Is munmap_chunk() a function? If so, what does it do?


Sometimes code that use heap allocation functions throw this error: munmap_chunk(): invalid pointer It appears by context munmap_chunk() is a function, and these errors are this function throwing them. What is this function and what does this function do?

My question is rather simple, so there is no reason to provide a lot of extra information: What is munmap_chunk()?


Solution

  • Two simple functions malloc and free must solve contradicting problems:

    • Memory must be returned to the kernel as fast as possible.
    • Memory allocations must be fast, so memory cannot not be returned to the kernel immediately and should be reused. Coupled with memory fragmentation, this makes it impossible to return memory to the kernel (glibc doesn't do this at all).

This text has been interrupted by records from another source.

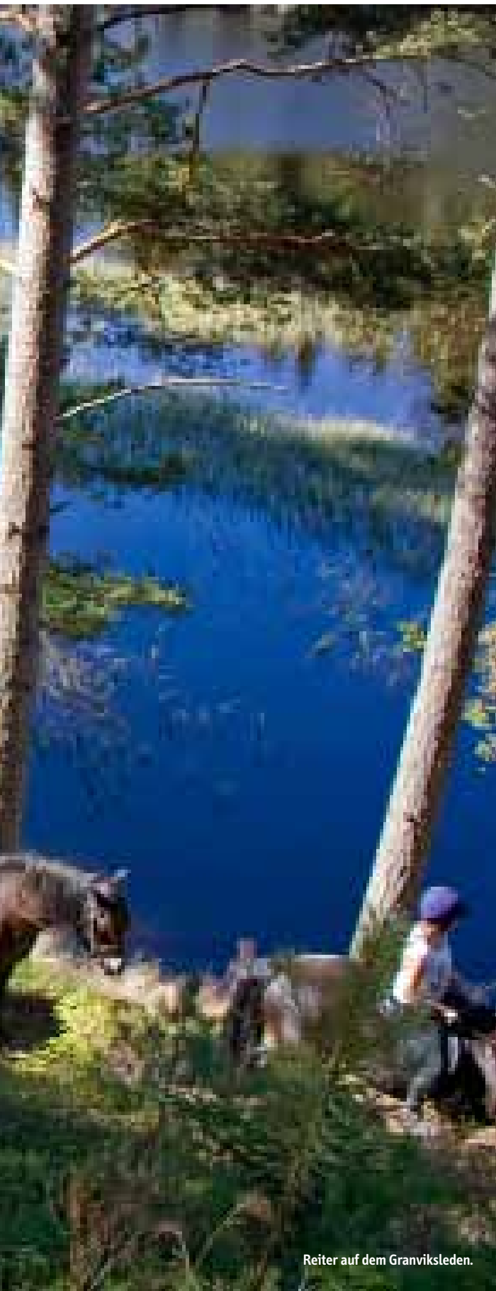
Reiter auf dem Granviksleden.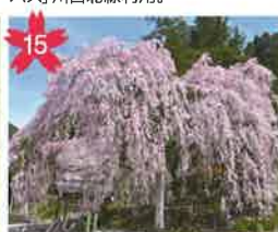
銀の山桜 樹齢100年の山桜。散り始めの赤い若葉とのコントラストもきれい。ライトアップあり。 *開花予想/4月中旬頃。 *飛騨萩原駅から「げるバス」川西北線利用。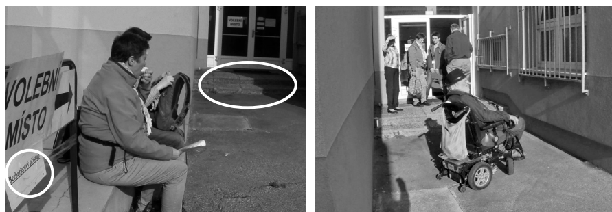
Zdjęcie 3. Lokal wyborczy nieprawidłowo zakwalifikowany jako dostosowany do potrzeb osób niepełnosprawnych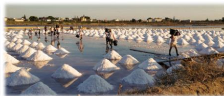
Salines de Trapani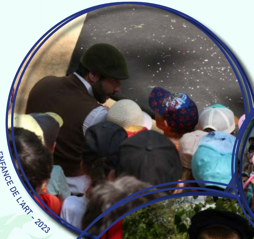
ENFANCE DE L'ART - 2023

10 - Le développement de l'éducation artistique et culturelle doit faire l'objet de travaux de recherche et d'évaluation permettant de cerner l'impact des actions, d'en améliorer la qualité et d'encourager les démarches innovantes.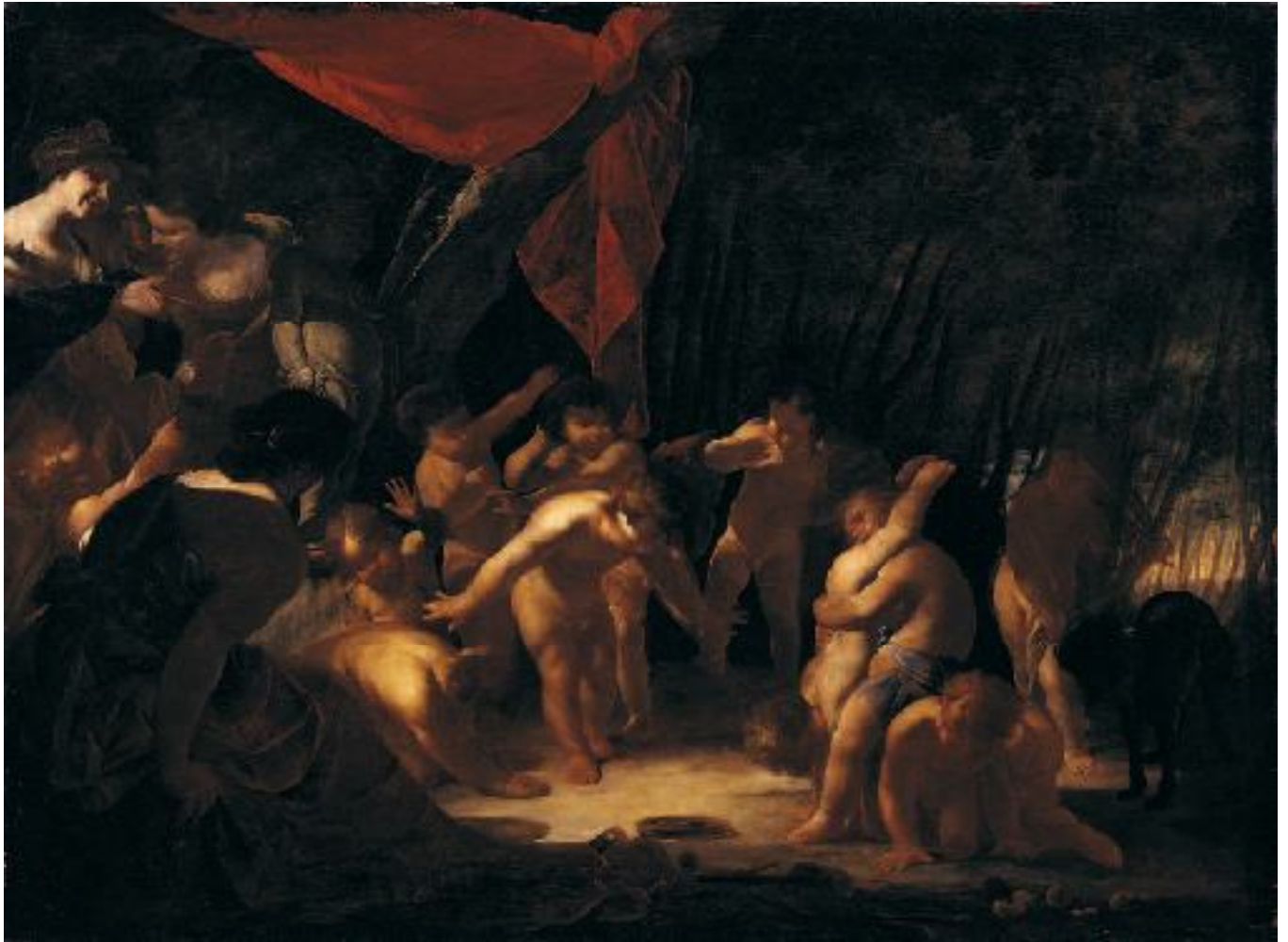
Bernardo Cavallino, Giochi di putti dinanzi alla statua di Bacco bambino , Napoli, Museo di Capodimonte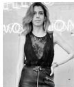
@CAMILACOUTINHO - 2,3M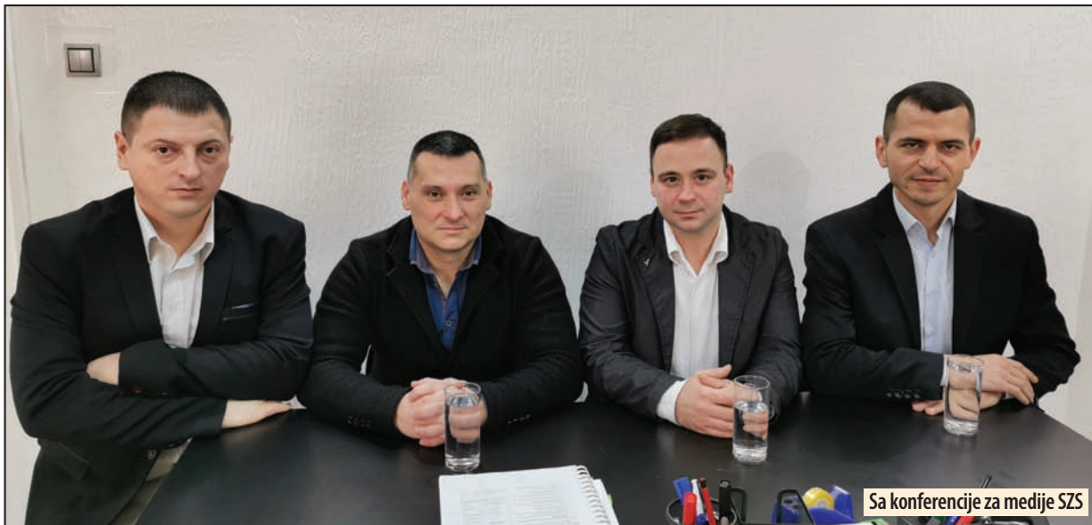
Sa konferencije za medije SZS

sebnim potrebama, hoće li plate koje građani dobijaju biti dostojne čoveka za normalno podmirivanje njegovih potreba, hoće li roditelji bolesne dece preklinjati po društvenim mrežama građane da šalju SMS poruke za lečenje njihove dece ili će država da radi svoj posao, hoće li više od 50.000 ljudi svake godine bežati iz naše zemlje, hoće li starice po selima braniti reke svojim telima, koliki će biti porezi, kolika će biti minimalna zarada, kolika će biti cena struje, kolika će biti cena goriva, hoće li Jutke zlostavljati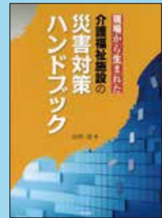
④ 現場から生まれた介護福祉施設の災害対策ハンドブック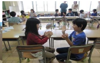
【おはぽな学級のペア学習】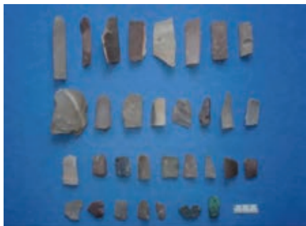
شکل ۲-۴ نمونه‌هایی از ابزارهای سنگی استفاده شده توسط بشر مربوط به هزاره چهارم ق.م (مس سنگی)

استان مرکزی با توجه به موقعیت جغرافیایی خود، در حد فاصل مرکز فلات ایران و زاگرس، همواره به عنوان یک منطقه بینابینی، در کنش و برهم کنش‌های فرهنگی در سه دوره پیش از تاریخ، تاریخی و اسلامی مطرح بوده است. به طور کلی بررسی سیر تحول جوامع بشری در استان مبتنی بر بررسی‌ها و کاوش‌های باستان‌شناسی از یک سو و اشارات متون تاریخی از سویی دیگر است. این استان از سویی در محدوده شهرستان‌های خمین، محلات، دلیمان، اراک، زرنده، آستیان و تفرش در دوره پیش از تاریخ تحت تأثیر فرهنگ‌های شکل گرفته در حوزه فلات و از سویی در شهرستان‌های خنداب، شازند و کمیجان در حاشیه زاگرس تحت تأثیر فرهنگ‌های شکل گرفته و نفوذ یافته در منطقه زاگرس میانی بوده است. قدیمی‌ترین شواهد شناخته شده از شکل‌گیری استقرارهای بشری در دوره پیش از تاریخ، سکونتگاه‌های انسانی است که بر اساس تکنیک‌های به کار رفته در ساخت ابزارها و مصنوعات سنگی (خراشنده‌ها، تیغه‌های سنگی و...) قابل بررسی و تمیز دادن از یکدیگرند. نمونه چنین استقرارهایی را می‌توان در شهرستان‌هایی چون دلیمان، زرنده و فراهان سراغ گرفت.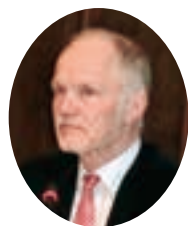
省エネルギー事務次官 経済バーネケ

薄い霧で太陽光発電の発電量が予想値を大きく下回り、欧州から買える電気を全て買って電力不足をしのいだと明らかになった。電力の系統網が国境をまたぐ欧州だから対応できた。島国の日本では大停電になりかねない。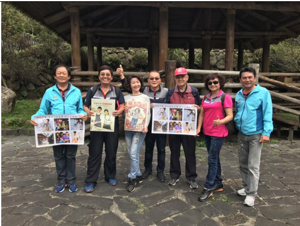
成 果 照 片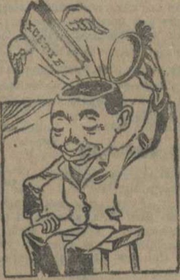
Вытворча-бытавыя коммуны выліжэлі ў райкоме з галавы.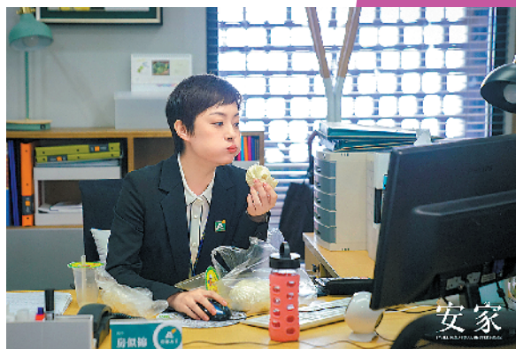
为呈现房产中介的真实状态，孙俪下了不少工夫

值得一提的是，每个单元都有大牌明星客串出演，化身买房子的客户：海清饰演面临换房困扰的医生宫蓓蓓，奚美娟饰演面对生活坦然淡定的江奶奶，韩童生饰演为子女倾尽毕生心血的平凡父亲，梁超饰演迷信命理的成功商人黄老板，郭涛、胡可出演财力雄厚的大客户阚氏夫妇……六六在接受采访时说：“电视剧里出现的每一个买房故事，都是创作团队在采访中真实经历的，有的啼笑皆非，有的感人肺腑。”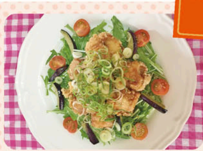
ユーズンチー 油淋鶏風から揚げ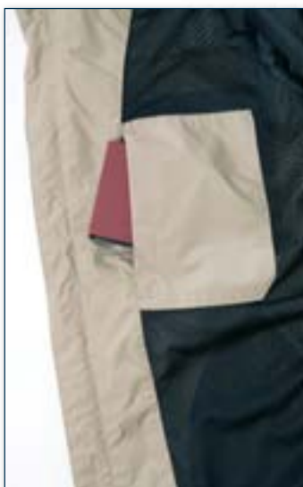
Tasca interna portafoglio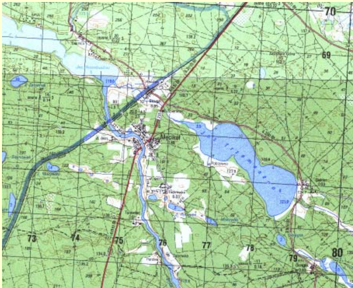
Mapa 1 Lokalizacja miejscowości Mięciak.

    To solve both, allocators (at least glibc, musl, windows) have a threshold for a size of an allocated object: allocations greater than that size are done by direct call to mmap/VirtualAlloc while freeing such chunks goes directly to munmap/VirtualFree.

    This makes it possible to keep malloc fast for small allocations, while keeping it memory-efficient for large ones (as it can free large chunks of memory immediately).

    The threshold value is usually about 128 KB and larger (see DEFAULT_MMAP_THRESHOLD_MIN in glibc, MMAP_THRESHOLD in musl).

    Function munmap_chunk in glibc is responsible for that and is usually called like this:

    if (chunk_is_mmapped(p)) {
        munmap_chunk(p);
        return;
    }
    

    You will see munmap_chunk(): invalid pointer message when passing a pointer to a chunk of memory that looks like mmap-allocated chunk, but upon investigation has invalid size, which means there is a memory corruption or free misusage.

    Aside from this, it is also responsible of keeping track of a number of allocated through mmap chunks to workaround VMA merging issue on Linux kernel issues.